Anson lifts his hands from the wheel and sets the brake. Reaches inside the pocket of his overcoat and produces a calling card.
“You’ll telephone me if you change your mind?”
“If I change my mind? Why, sure.”
“Take the card, then.”
“I don’t need to.” I tap my forehead.
“Now, that’s funny. An hour ago you could scarcely remember your own name. Now you’ve got a photographic memory.”
“When I need it.”
He presses the card into my hand. “Take it anyway. In case someone knocks you on the head and gives you a spell of amnesia.”
“Does that happen often in your line of work?”
“All the time.”
I pinch the wee board between my two fingers and study it again. The plain Roman letters. Oliver Anson. Exchange and number. By the time I’m finished, Anson’s opened the door of the automobile and strode around the hood to let me out.
“Thanks. I can find my way from here.”
“I’m escorting you inside, Miss Kelly.”
“No, you’re not.”
“Statistically speaking, it’s the most dangerous time of night.”
“No kidding? Then I guess I must be statistically dead by now.”
He shuts the car door behind me and straightens. His gaze falls on my chin, which sticks right out there into the Manhattan night, at an angle those nuns used to abhor.
“All right. Good night, Miss Kelly. Thank you for your time.”
“Don’t mention it.”
My shoes slip and clatter on the paving stones. The headlights flare against the glitter of my dress, against the tiny whir of snowflakes. I reach the sidewalk and the door. Pull out my latchkey, like any modern, independent girl in New York City. The snow coats the stoop like a layer of dust, and mine are the first footprints. The knob turns, and I remember something.
“Anson! Your jacket.”
“Keep it.”
I shrug the garment from my shoulders and trip back down across the sidewalk to where Anson stands next to the driver’s-side door, in his overcoat and a plaid muffler, probably cashmere wool, like the girls at college used to wear, only sleeker. Hat pulled down low over that slanting forehead. The car’s parked right in the middle of two street lamps, nice and dark, so I can’t see his face all that well.
I say, “No, you take it. Or else you’ll be coming back for it, won’t you? And that wouldn’t do at all.”
He takes the jacket and folds it over his arm, while the snow stings my bare skin and lands in my hair. And you know something? For a single crazy instant, I imagine myself asking him upstairs. You know. For a cup of coffee or something. Chase away the winter.
Anson nods, like he’s imagining the same thing. His hand reaches out to land on my shoulder, and the leather feels wet on my skin, cold: the fresh, sweet meltwater of New York snowflakes.
“Now get inside before you freeze to death.”
I SUPPOSE YOU imagine, after a night like that, I’d be looking forward to a long winter’s nap in my own clean bed. And I am. I might sleep all February, if you let me.
But I can’t, you see. Because in the first place, I’m shortly due at a typing pool in the underwriting department of Sterling Bates & Company on the corner of Wall and Broad, come snow or come revenue agents; and second of all, the light’s shining forth from underneath my door.

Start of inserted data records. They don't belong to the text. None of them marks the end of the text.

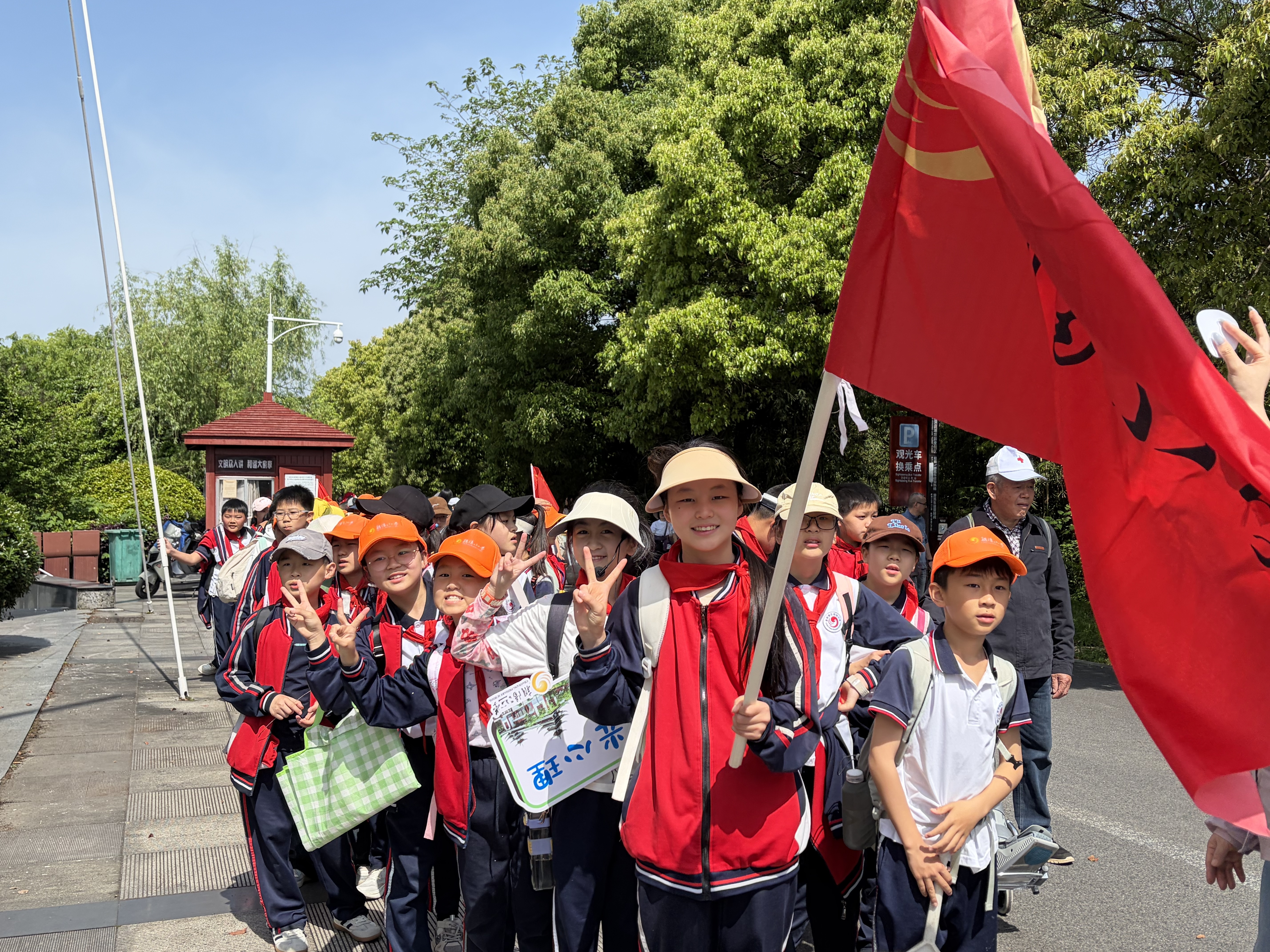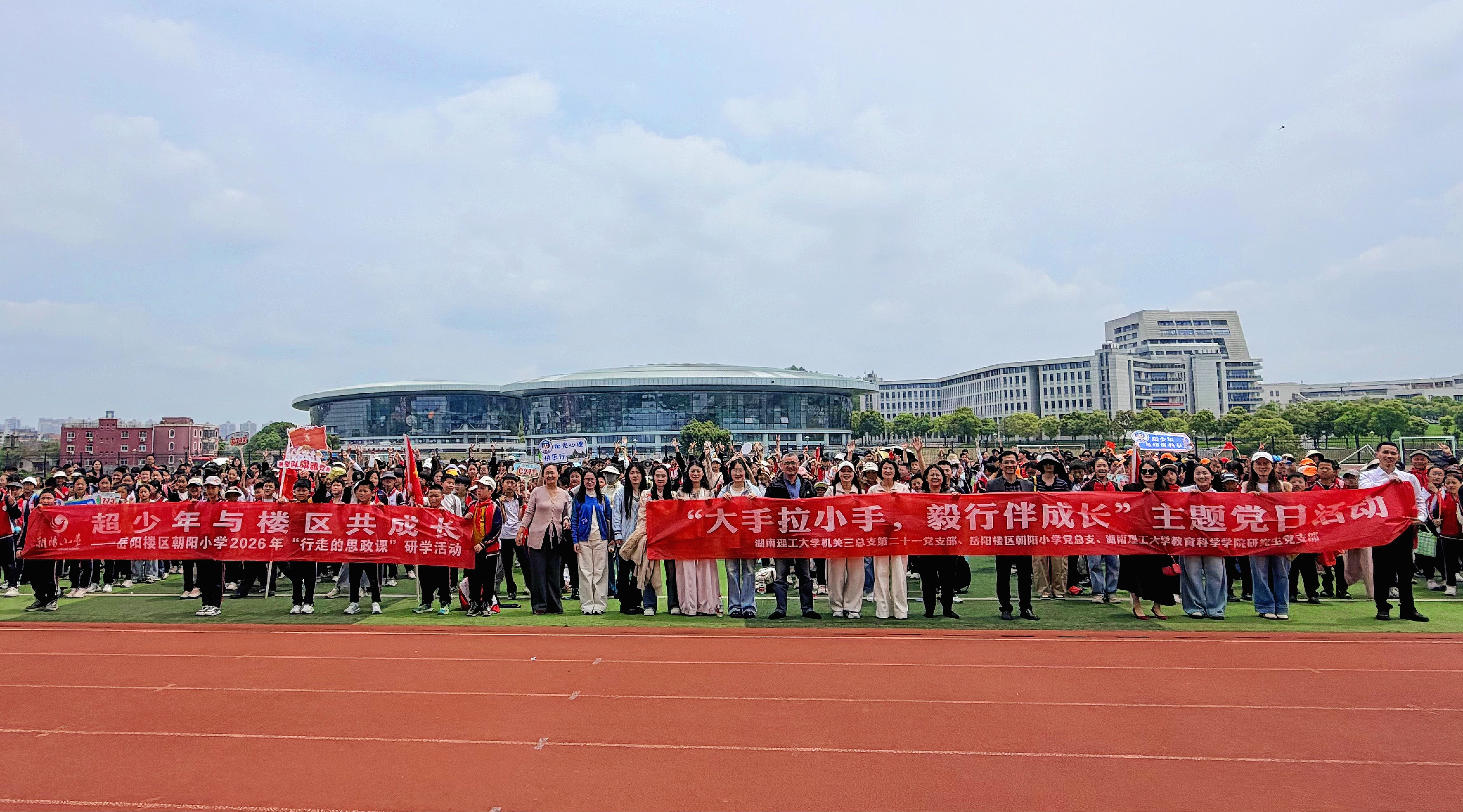 在20余名党员教育硕士志愿者的全程护航下,朝阳小学700余名师生走进湖南理工大学校园,近距离感受高校文化氛围,开启趣味研学之旅。活动当天,校园内氛围热烈,师生们热情相会、有序漫步校园,志愿者与小学各班级一一结对、结伴同行。活动采取分场并行模式,一路师生走进图书馆,在图书馆负责人陈近的讲解下,近距离感受高校浓厚的书香氛围;另一路师生在田径场开展主题读书活动,全体肃立奏唱国歌,党员重温入党誓词、少先队员重温入队誓词,随之以诗词吟诵、红色故事分享、文化体验等环节浸润经典文化。活动尾声党员志愿者们为孩子们送上明信片、定制书签等纪念礼品,传递温暖与期许。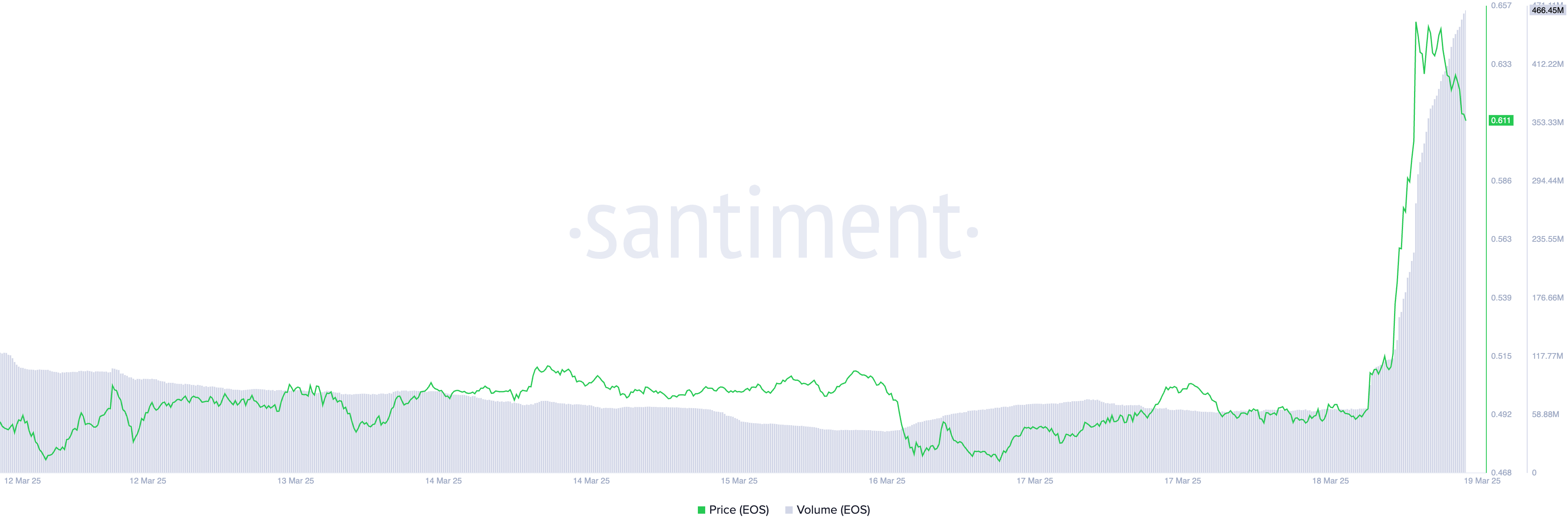 Quando o preço e o volume de negociação de um ativo sobem assim, isso indica forte atividade de mercado impulsionada por alta pressão de compra. Essa combinação sinaliza um momento de alta nos mercados à vista da EOS, sugerindo aumento da demanda e potencial para uma valorização contínua do preço.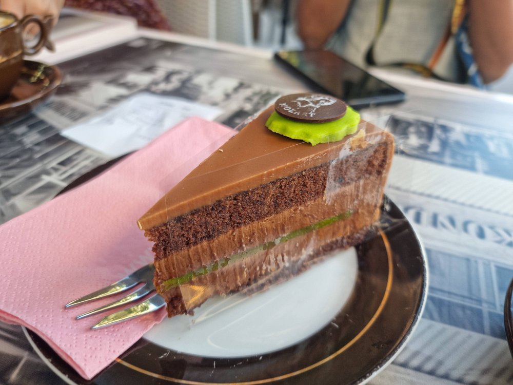 - Sachertorte เค้กช็อกโกแลตเนื้อแน่น มีแยมแอปริคอทตรงกลางและเคลือบช็อกโกแลตเนียนละเอียด เสิร์ฟพร้อมวิปครีม
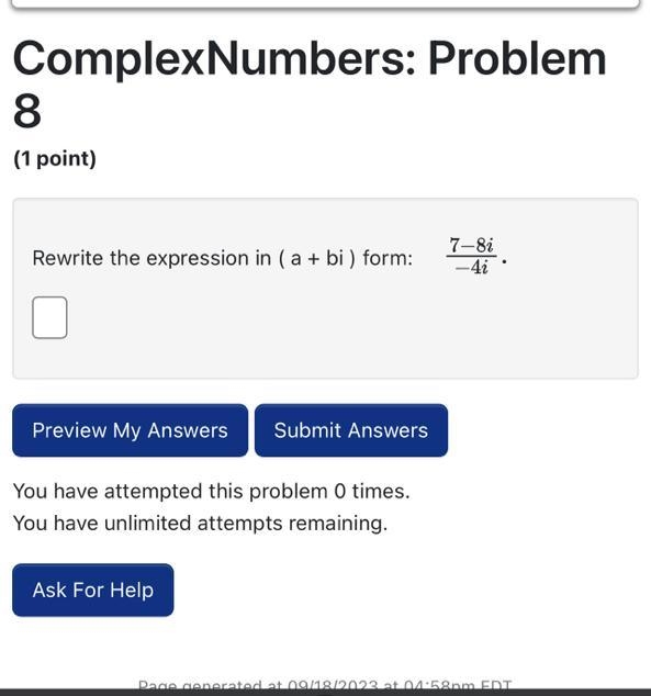 You want to write the value of (7 -8i)/(-4i) in the form a+bi.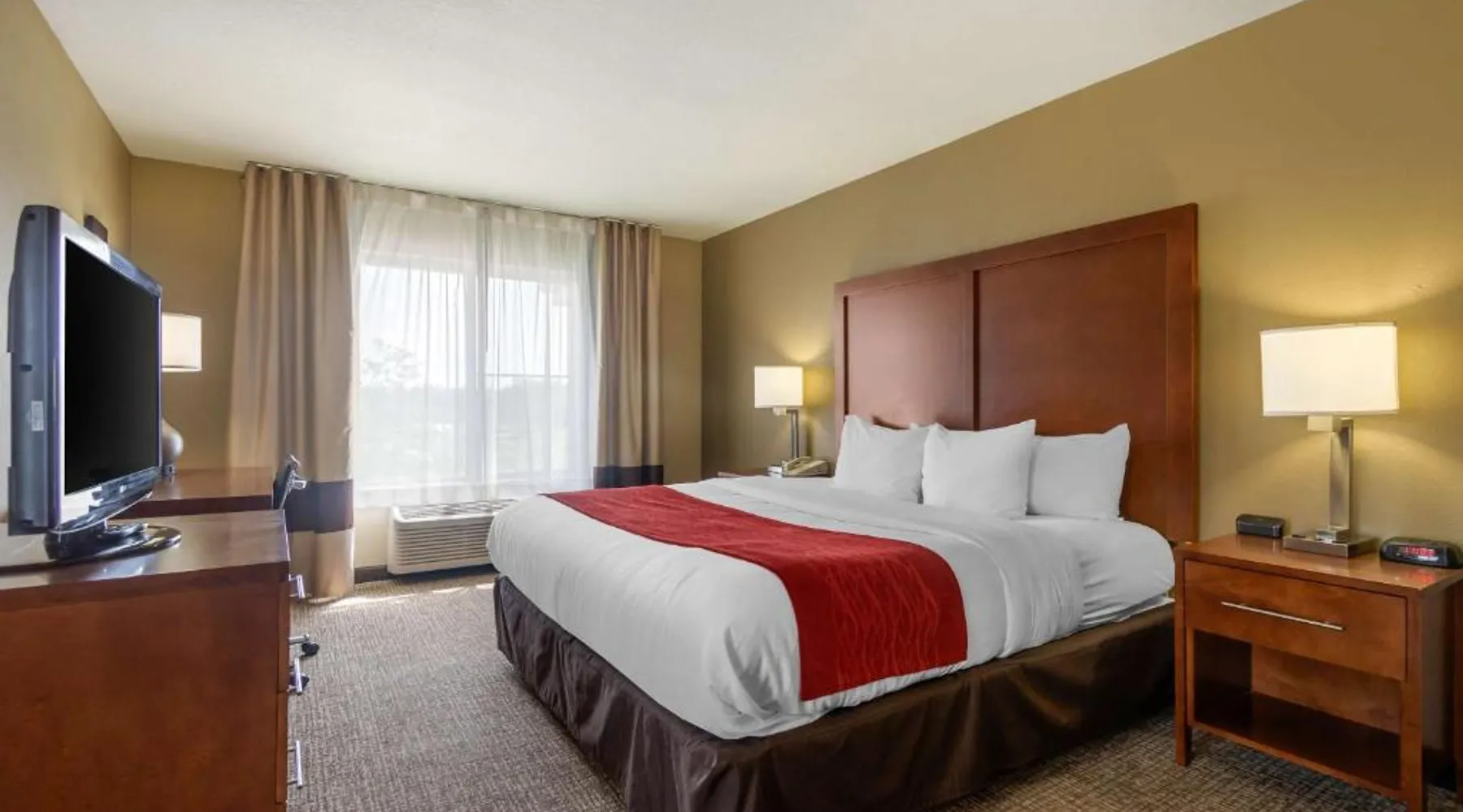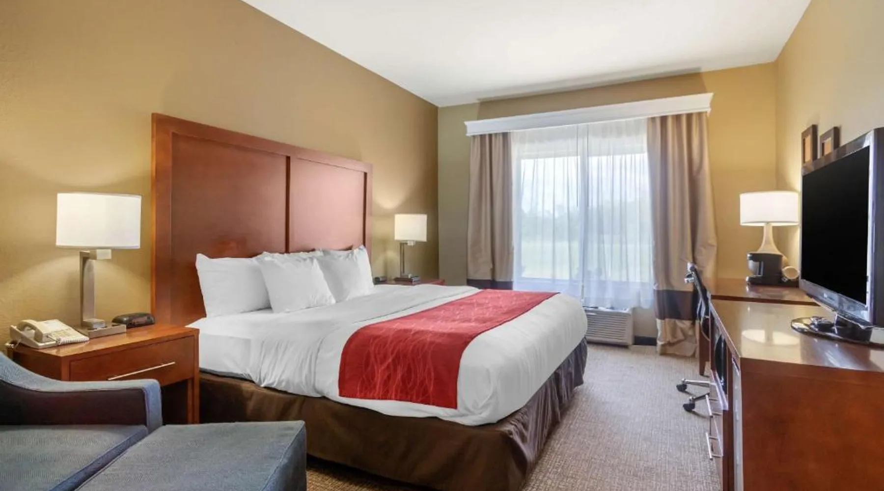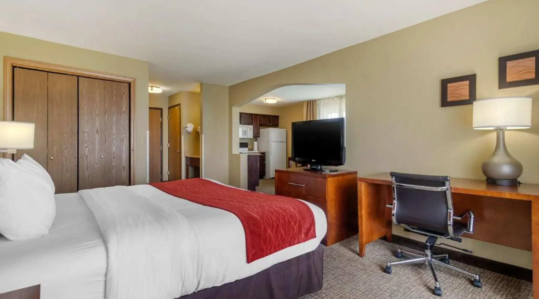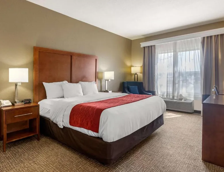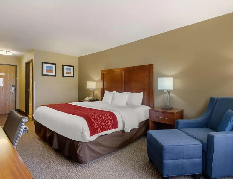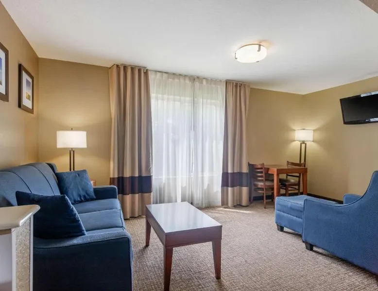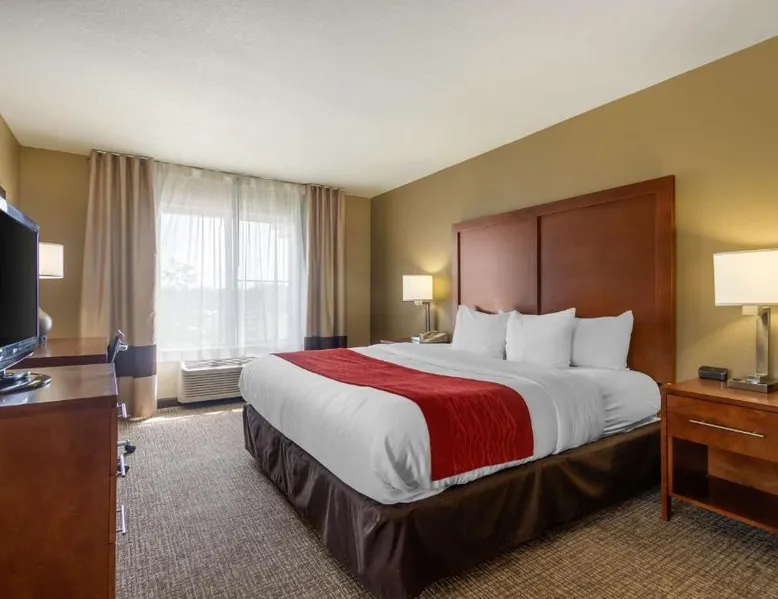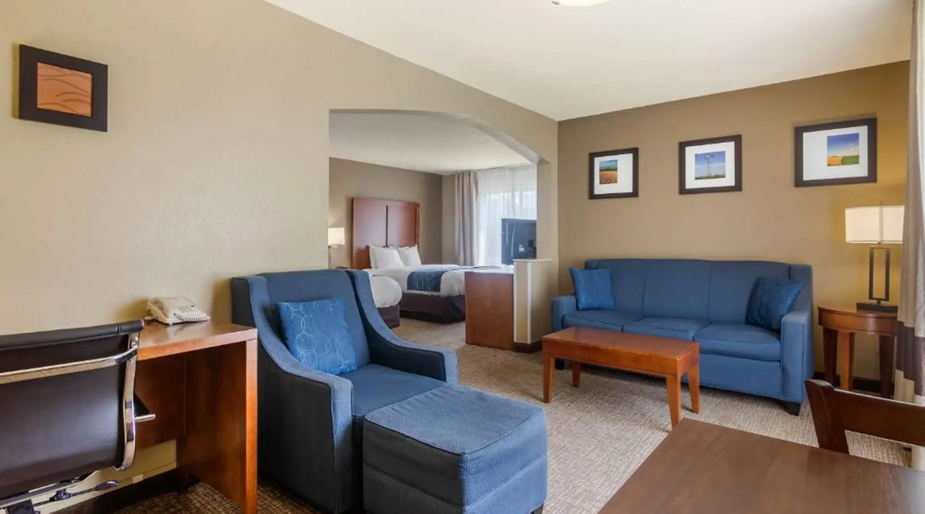 Comfort Inn & Suites Pittsburg KS hotel is located near Four Oaks Golf Course and Pittsburg State University. This Pittsburg, KS hotel is minutes from Fort Scott National Historic Site, the Big Brutus, the Museum of Crawford County and Bone Creek Reservoir. The Pittsburg Memorial Auditorium and Convention Center and Mined Land Wildlife Area are close to the hotel. Several shopping areas are minutes away. A variety of restaurants and cocktail lounges are located in the surrounding area. The city of Pittsburg offers many art and entertainment opportunities for visitors. Each year, the community gathers for special events such as the Fourth of July celebration and Little Balkans Days festival in September. Hotel amenities and features include free wireless high-speed Internet access in all rooms, free local calls and free coffee. Free hot breakfast is also provided. There is also an on-site exercise room. Business travelers can use the business center, access to copy and fax services, desks and voice mail. All guest rooms have hair dryers, coffee makers, irons, ironing boards and cable television. Some rooms come equipped with refrigerators and microwaves. Laundry facility is located on the property for added guest convenience. This is a nonsmoking hotel. Air conditioning, a carpeted floor and heating are provided in this family room. The unit offers 2 beds.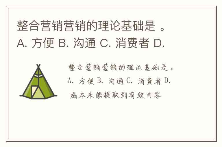 整合营销营销的理论基础是 。 A. 方便 B. 沟通 C. 消费者 D. 成本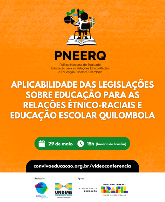 A Undime, por meio da plataforma Conviva Educação e com o apoio do Ministério da Educação, realiza no dia 29 de maio (quinta-feira), às 15h (horário de Brasília), videoconferência com o tema "Aplicabilidade das legislações sobre Educação para as Relações Étnico-Raciais e Educação Escolar Quilombola".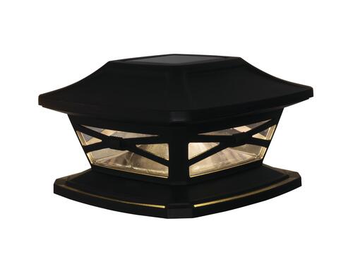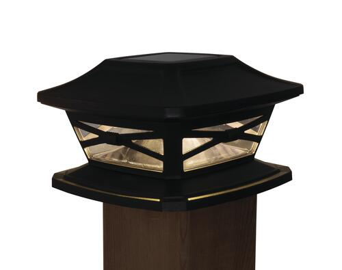 This Patriot Lighting® Crosby Bronze Solar LED Post Cap Light features an attractive profile on all four sides, creating a unique look that will enhance any deck railing or fence post. It features a durable plastic construction and a bronze finish, each with one warm white LED (4.8 lumens light output). It fits a standard four-by-four wood post as well as a six-by-six wood post without the need for additional adapters. It includes the mounting screws and is easy to install as no wiring is required. In addition, it is great for use in areas where there is no electrical supply available. It automatically turns on at dusk for up to eight hours of illumination. It is also available in a copper finish.
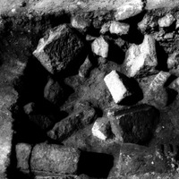 Jordan. Iraq al-Amir, square II.11 approximately a meter down, showing fallen stones of north Qasr al-Abd facade

And it turns out, Special Agent Anson was wrong, after all.
DARLING!”
“Billy! Wh—” (Word ends in oomph against the lapels of Billy’s dinner jacket.)
“Darling. I’ve been worried sick.” (Into my hair.) “Where have you been? I telephoned the precinct, I telephoned everyone I could think of—”
“You telephoned what?” (Extracting self from lapels.)
“Dearest love.” He takes my face between his hands and kisses my mouth. His breath smells of cigarettes and Scotch whiskey and anxiety. “Did they hurt you? If anyone hurt you—”
“Nobody hurt me.”
“That agent. The agent who called in the raid.”
“What about him?”
“He didn’t try anything, did he?”
“I don’t know what you’re talking about.”
Billy holds me out at arm’s length—which is to say, about the length of the entire room—and examines my eyes for truth. “But you were away all night.”
“That sometimes happens in a police raid.”